Decision Date29 September 2011
Docket NumberNos. 09–AA–551,09–AA–808.,s. 09–AA–551
Citation28 A.3d 1119
PartiesRobert J. HICKEY, Petitioner,v.Mary BOMERS, Respondent.
CourtD.C. Court of Appeals

OPINION TEXT STARTS HERE

Robert J. Hickey, Washington, DC, pro se.James R. Klimaski, Lynn I. Miller and John P. Racin, Washington, DC, for respondent.Before THOMPSON, Associate Judge, RUIZ, Associate Judge, Retired, * and KING, Senior Judge.

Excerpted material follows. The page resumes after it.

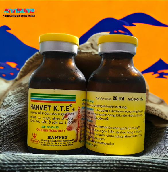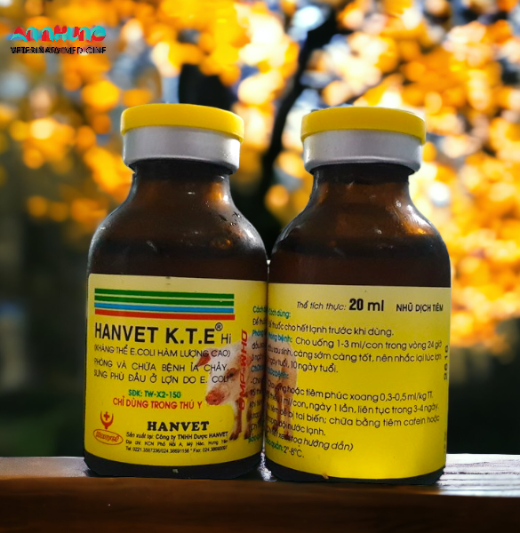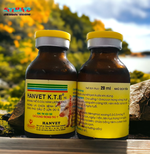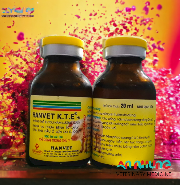 HANVET K.T.E® Hi là chế phẩm sinh học độc đáo, sản xuất theo công nghệ tiên tiến, hiện đại, với thành phần là kháng thể đặc hiệu hàm lượng cao và kháng độc tố của nhiều chủng vi khuẩn E.coli độc được phân lập ở Việt Nam. HANVET K.T.E® Hi có tác dụng nhanh, mạnh, đặc hiệu, gây ngưng kết, tiêu diệt và trung hòa độc tố E.coli… giúp phòng, chữa trị bệnh tiêu chảy và sưng phù đầu do E.coli gây nên ở lợn con.

Thompson, Associate Judge:

On February 16, 2009, respondent Mary Bomers, having been discharged from work as a legal secretary for petitioner Robert Hickey, applied for unemployment compensation benefits. The District of Columbia Department of Employment Services (“DOES”) initially denied the claim on the basis of information provided by Hickey that Bomers had been an independent contractor rather than an employee. Bomers appealed that determination to the Office of Administrative Hearings (“OAH”). After a hearing on April 17, 2009, the OAH Administrative Law Judge (“ALJ”) found in an order dated April 28, 2009, (in OAH Case No. ESP–112779–09) (“Final Order I”) that Bomers had been an employee of Hickey and was eligible to receive unemployment benefits. Hickey petitioned to this court for review of that OAH order.

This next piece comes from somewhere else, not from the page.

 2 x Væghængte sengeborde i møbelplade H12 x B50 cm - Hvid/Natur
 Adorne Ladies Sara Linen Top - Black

In the meantime, after DOES notified Bomers that she was qualified to receive benefits, Hickey filed a second petition for review by OAH, contending that even if, as OAH had earlier found, Bomers was eligible for benefits as a discharged employee, she did not qualify for benefits because she had been discharged for misconduct. After a hearing on June 12, 2009, the OAH ALJ found in an order dated July 9, 2009 (in OAH Case No. ESP–113273–09) (“Final Order II”) that Hickey had “failed to prove, by a preponderance of the evidence, that he discharged [Bomers] for acts that are misconduct,” and therefore concluded that Bomers qualified for benefits. Final Order II at 2. Hickey again petitioned for review by this court, and we consolidated the two petitions for review.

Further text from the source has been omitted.